Please copy out the entries exactly, skipping any pictures.

(Dataset excerpts)
--

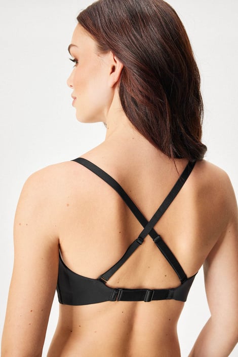 Biustonosz Wonderbra Ultimate Plunge umożliwi Ci noszenie najbardziej odważnych modeli sukienek z głębokim dekoltem. Gładkie usztywniane miseczki oddziela bardzo niski, wzmocniony mostek. Tylna część obwodu ma regulowaną długość i jest zapinana na szeroką, płaską klamrę. Niezastąpiony biustonosz na różne ważne okazje.
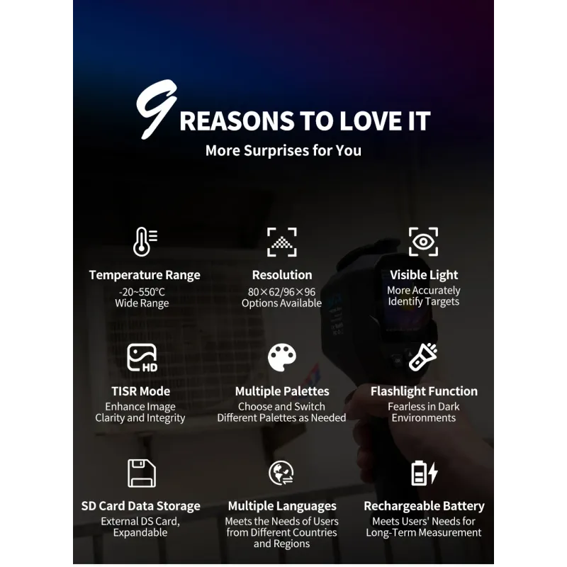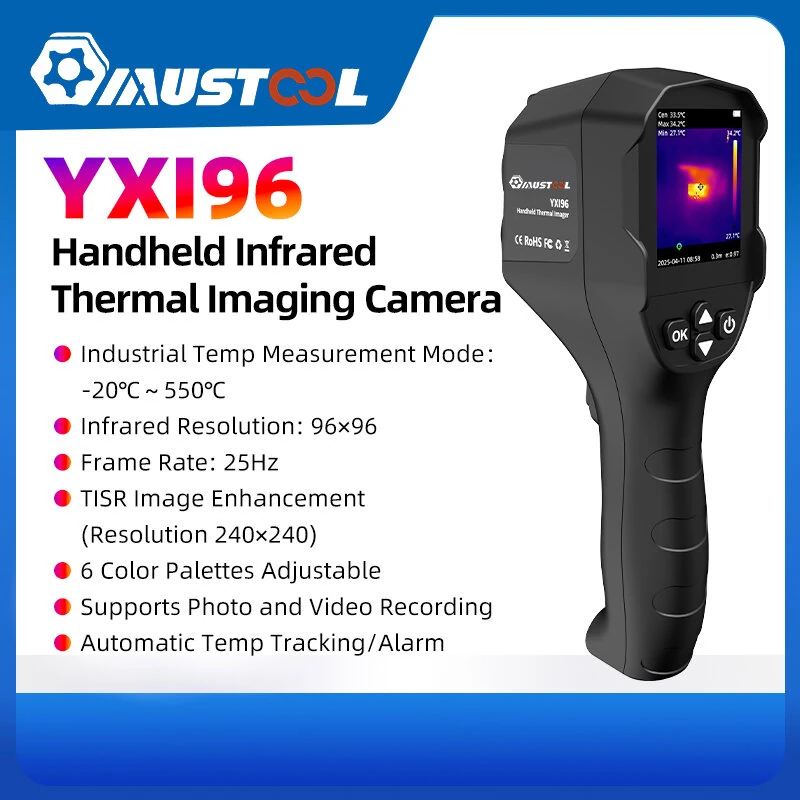 MUSTOOL YXI96 YXI96Pro Thermal Imaging Camera Infrared 240*240 Visible light Resolution 96x96 Temperature Range -20C to 550C TISR Technology Rechargeable Battery Photo Video Recording Handheld Thermal Inspection Device
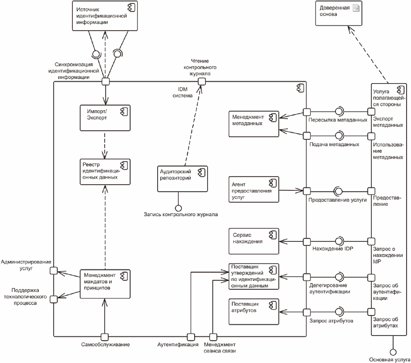 В данном разделе описываются элементы архитектуры системы управления идентификационными данными и их взаимосвязи.
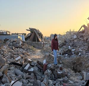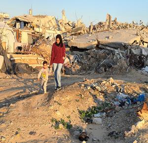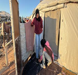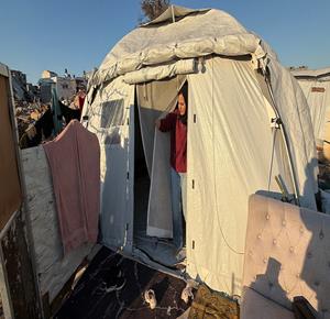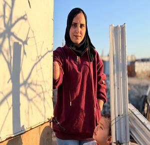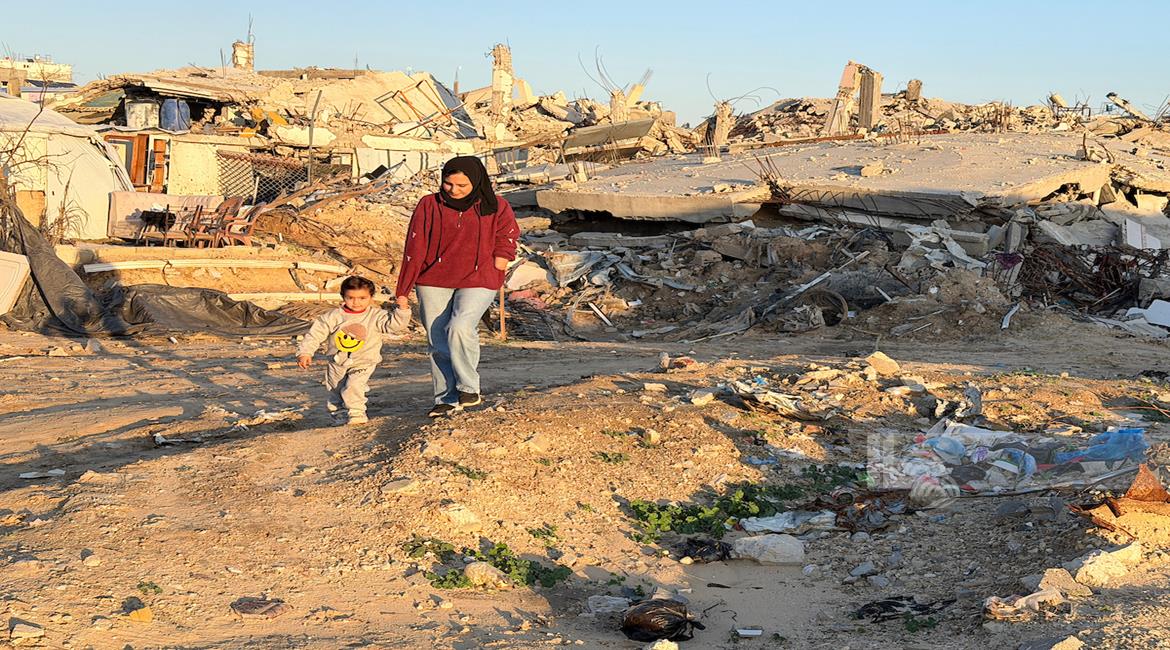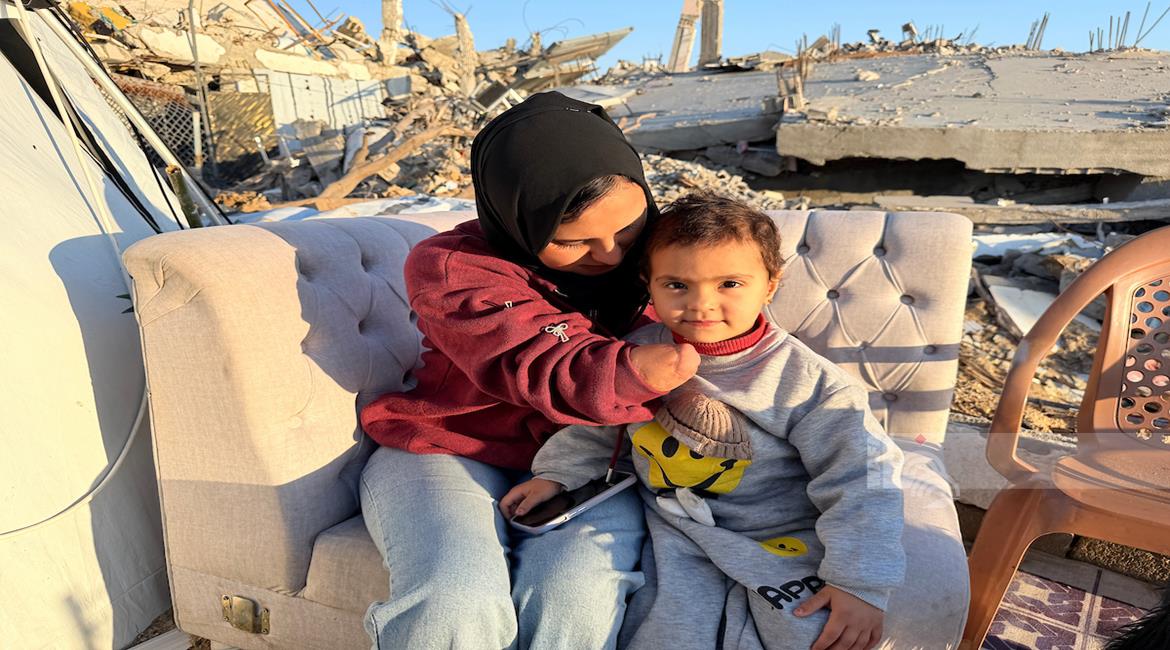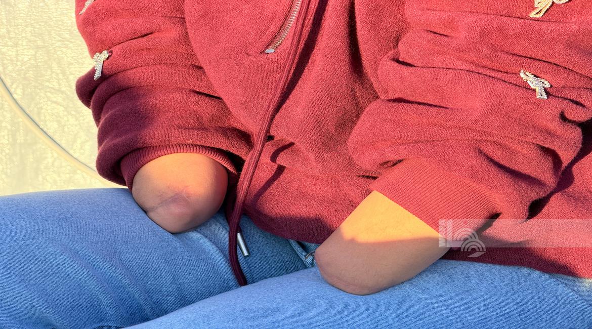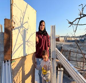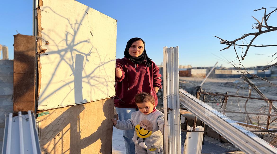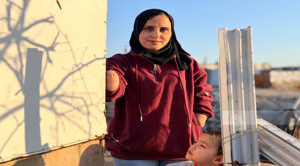 غزة - المواطنة نيبال الهسي (25 عامًا)، فقدت ذراعيها جراء قذيفة إسرائيلية خلال الحرب،تعيش مع ابنتها البالغة عامين في خيمة أُقيمت قرب أنقاض منزلها المدمر في جباليا شمال قطاع غزة
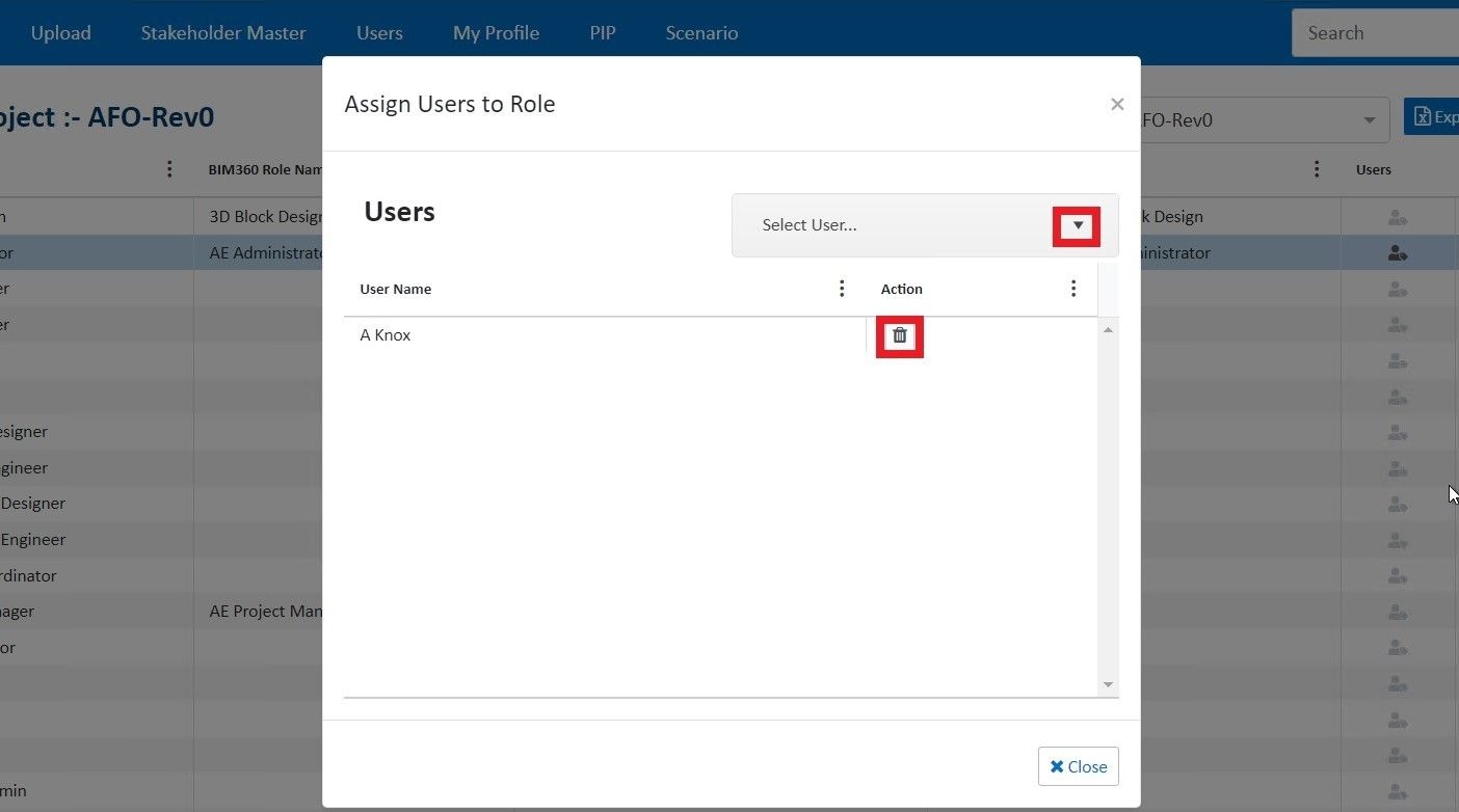 Upon clicking the User List icon, a new page to Assign Users to Role appears. You can select the users from the drop-down list to add to a role here. It also has the functionality to delete a specific user.
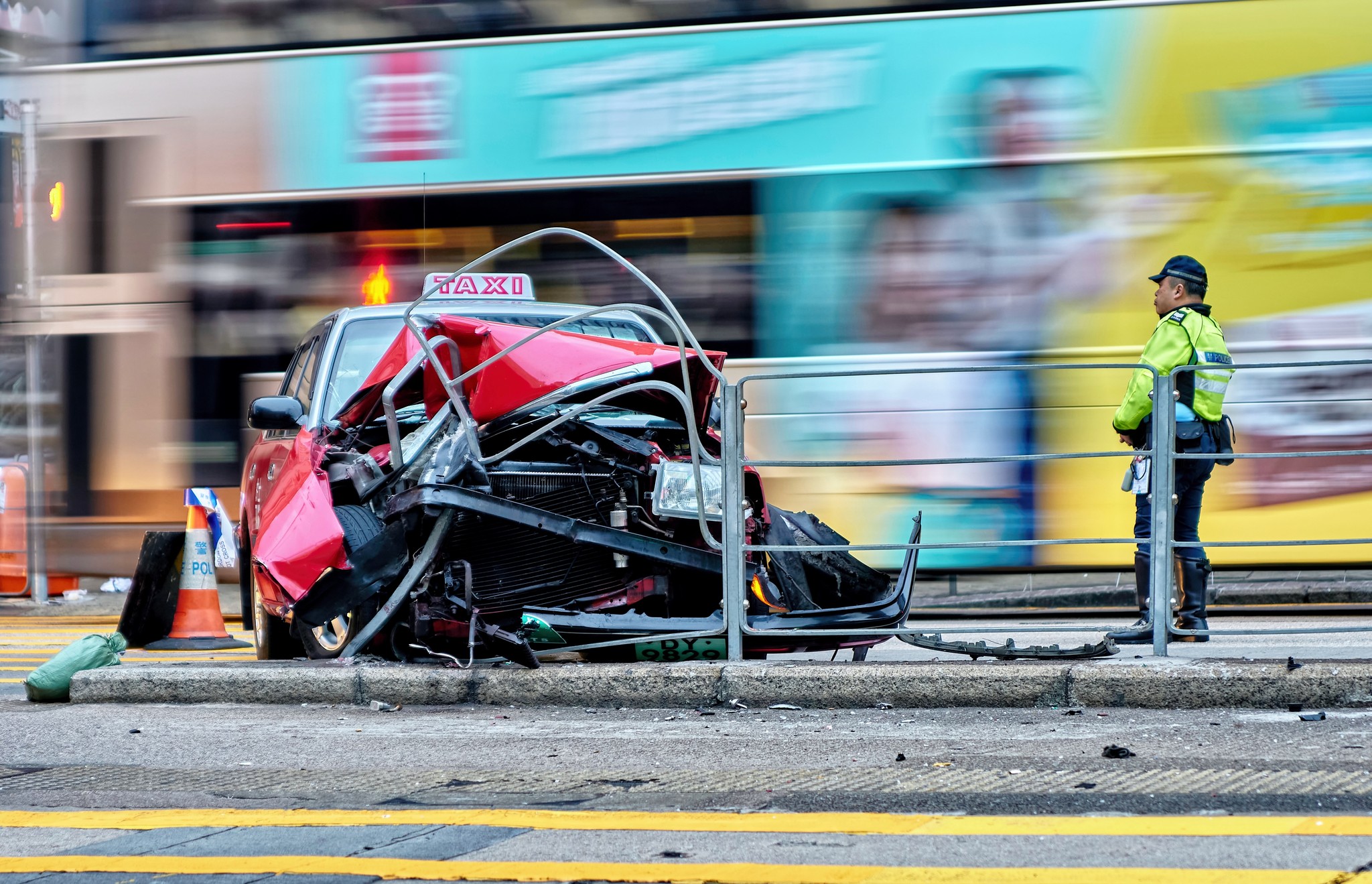 油麻地的士失控炒欄 七旬司機及女乘客受傷送院
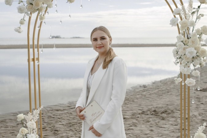 Рада видеть тебя, моя прекрасная невеста! Меня зовут Кира и я являюсь ведущей свадебной церемонии. Для меня, свадебная церемония — это самая торжественная, искренняя и центральная часть всего свадебного дня. Это самый трогательный момент, когда рождается семья!
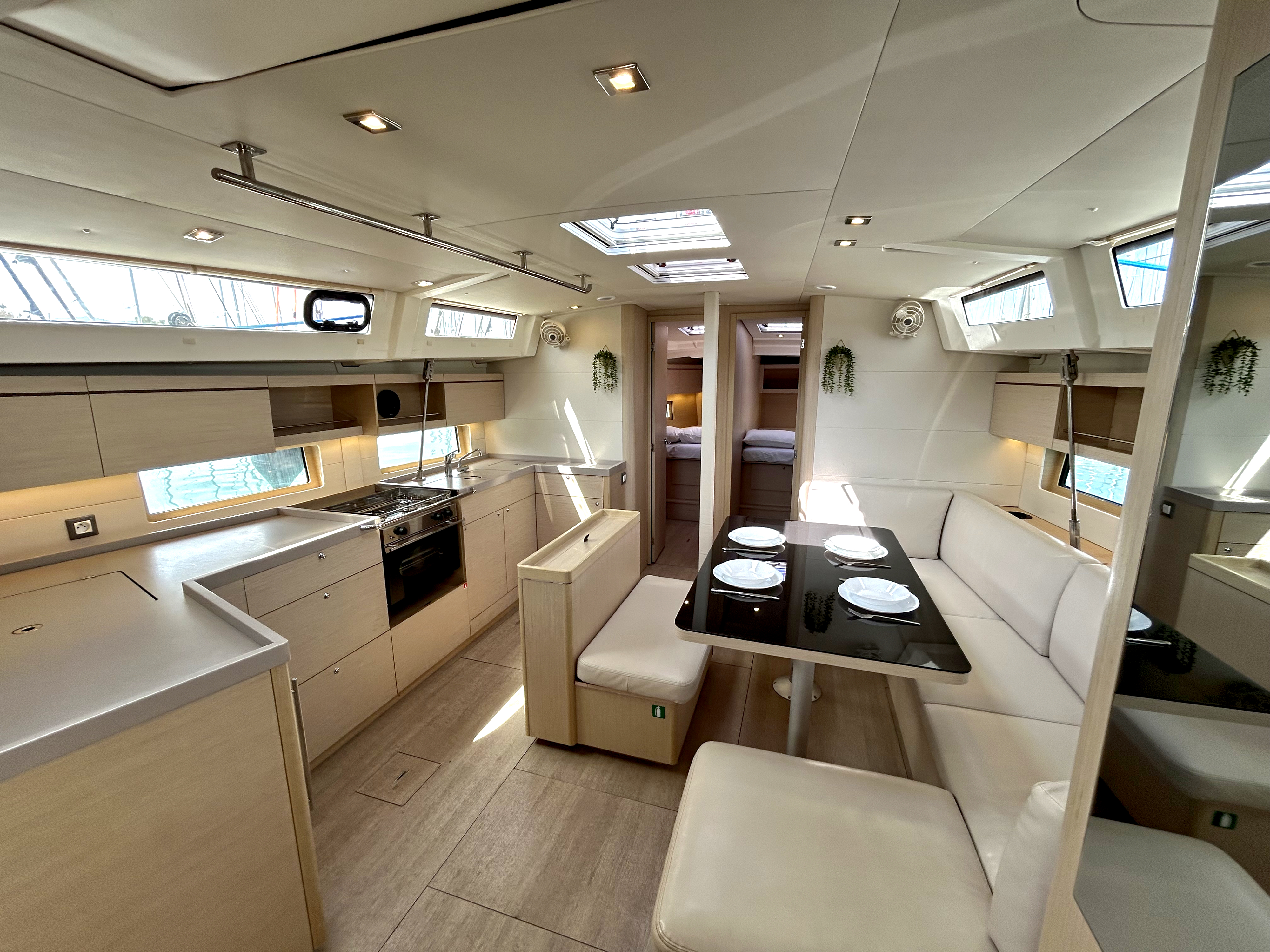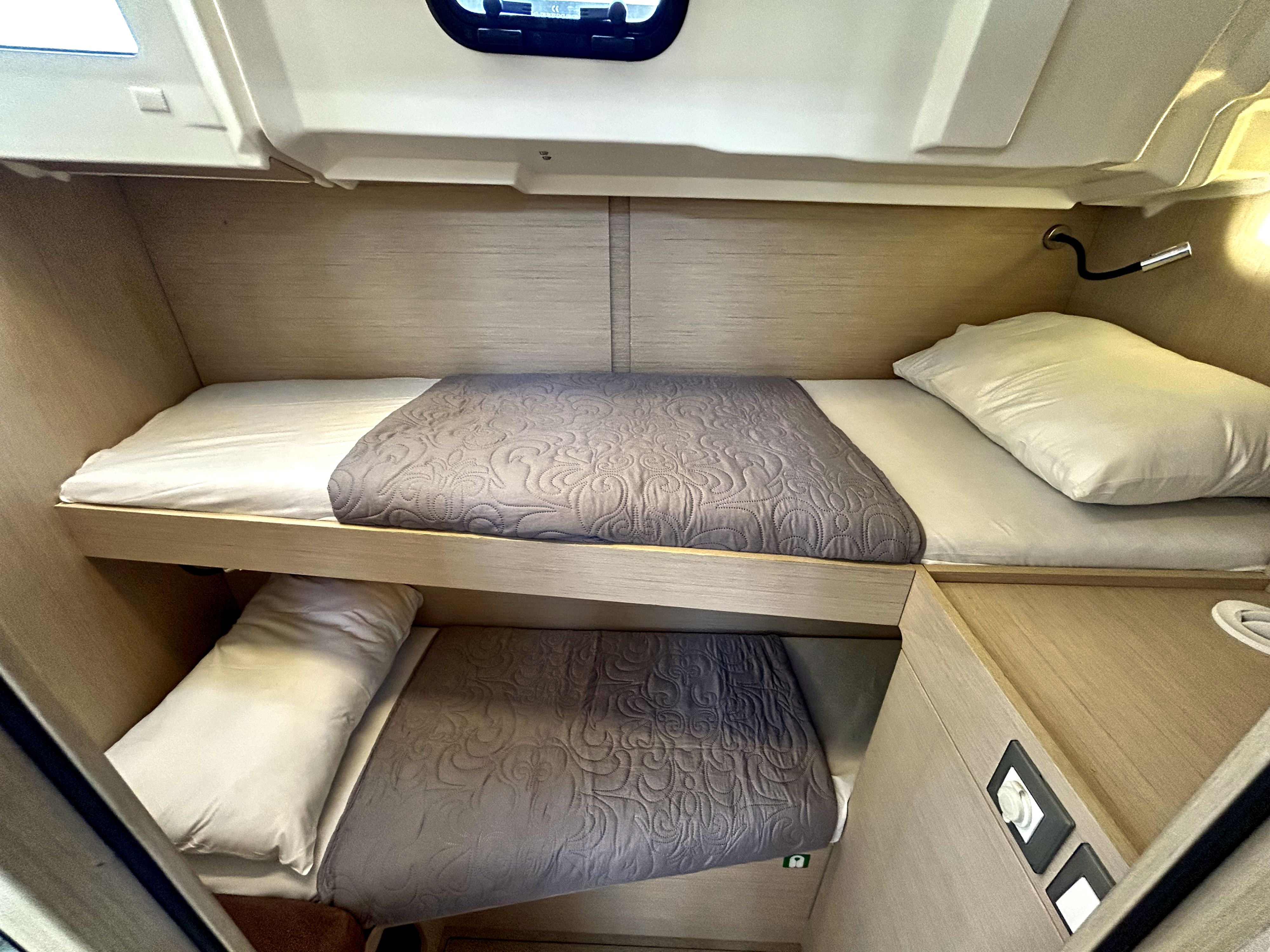 | Inside | Generator, Klimaanlage (ohne Landstrombedarf), Kühlschrank, Pantryausstattung, Radio mit USB, MP3 und Bluetooth, USB Steckdosen in den Kabinen, Ventilator, WC (elektr.) |

--

- ANSWER AREA:
 Biustonosz Wonderbra Ultimate Plunge umożliwi Ci noszenie najbardziej odważnych modeli sukienek z głębokim dekoltem. Gładkie usztywniane miseczki oddziela bardzo niski, wzmocniony mostek. Tylna część obwodu ma regulowaną długość i jest zapinana na szeroką, płaską klamrę. Niezastąpiony biustonosz na różne ważne okazje.
 MUSTOOL YXI96 YXI96Pro Thermal Imaging Camera Infrared 240*240 Visible light Resolution 96x96 Temperature Range -20C to 550C TISR Technology Rechargeable Battery Photo Video Recording Handheld Thermal Inspection Device
 В данном разделе описываются элементы архитектуры системы управления идентификационными данными и их взаимосвязи.
 غزة - المواطنة نيبال الهسي (25 عامًا)، فقدت ذراعيها جراء قذيفة إسرائيلية خلال الحرب،تعيش مع ابنتها البالغة عامين في خيمة أُقيمت قرب أنقاض منزلها المدمر في جباليا شمال قطاع غزة
 Upon clicking the User List icon, a new page to Assign Users to Role appears. You can select the users from the drop-down list to add to a role here. It also has the functionality to delete a specific user.
 油麻地的士失控炒欄 七旬司機及女乘客受傷送院
 Рада видеть тебя, моя прекрасная невеста! Меня зовут Кира и я являюсь ведущей свадебной церемонии. Для меня, свадебная церемония — это самая торжественная, искренняя и центральная часть всего свадебного дня. Это самый трогательный момент, когда рождается семья!
 | Inside | Generator, Klimaanlage (ohne Landstrombedarf), Kühlschrank, Pantryausstattung, Radio mit USB, MP3 und Bluetooth, USB Steckdosen in den Kabinen, Ventilator, WC (elektr.) |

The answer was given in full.